22


 ◇

 大里雅也の故郷、京都府北部の山村、哭岬きみさき――この名の由来は二つあるとされている。

 一つは山に囲まれた盆地のため、真夏の昼下がりですら三十度を超えるほどの熱気を保ち続け、鬼ですら泣き喚くことから着いた説――地元住民はこれを一般論として教えられ、八月初週の今日、説教を受ける雅也も信じざるを得ない。


 説教と言っても直接雅也にではなく、彼に憑いた霊に向けてだった。
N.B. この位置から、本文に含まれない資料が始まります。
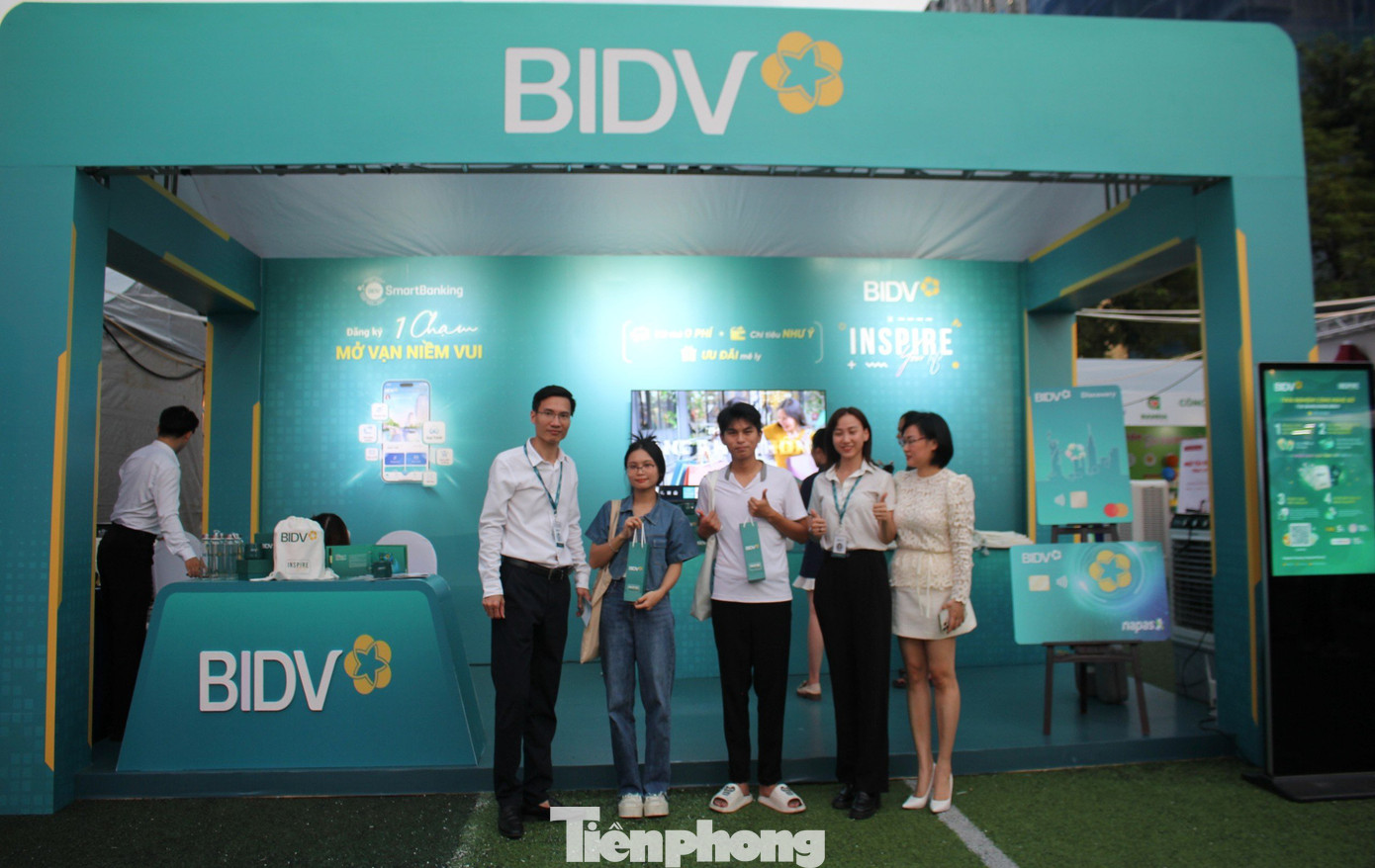 | Gian hàng của HD Bank được nhiều bạn trẻ rủ nhau đến chụp ảnh kỉ niệm. |
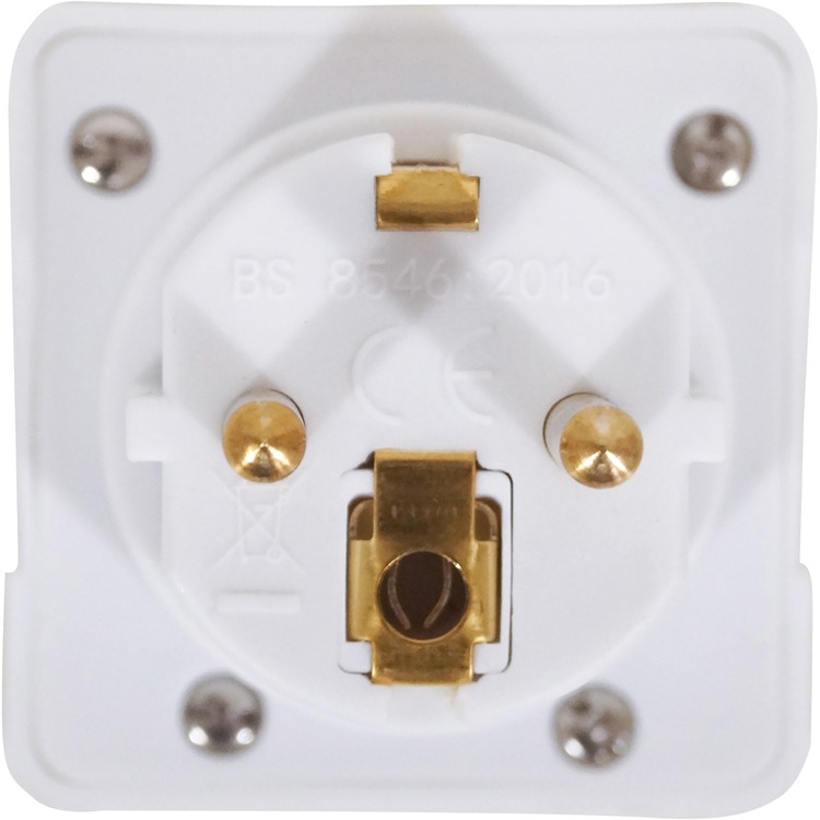 White Travel Adaptor Designed to Convert UK power To European 2 pin. Designed for European usage as a temporary travel adaptor. Converts standard UK 13A plug to Schuko 2 pin 10A. Supplied unpackaged / loose.

雅也の右手は背に回され梶尾にがっしりと掴まれていた。

 梶尾の自己主張と、放たれる氣を浴びる――雅也は三十秒が悠久の時に思えた。


 雅也は息を荒げ、汗が滝のように流れていく。

 梶尾の放つ氣――震氣という技名がぴったりだと雅也は感じ、耐える。


 やがて右手が離されると、雅也は痛みよりもどっと疲れが出て両手を膝に置き、中腰で地面を見つめた。


――地面が揺らいで見える。暑い、呼吸ができない。カムイに氣を喰われただけじゃない、こんなことは東京では滅多に無かった。長旅の疲れか――


 己の修業不足、体力の無さを呪ってもなお声が出せない雅也。

 そんな彼と正反対に梶尾はきびきびとした声を出す。


「うっし。お疲れ、先輩――」

 ぽんと背中を叩かれた雅也は、苦笑いで返した。

 梶尾英二は笑って、再び雅也の手を取る――ごつごつとした手だった。その手に引かれるように歩く。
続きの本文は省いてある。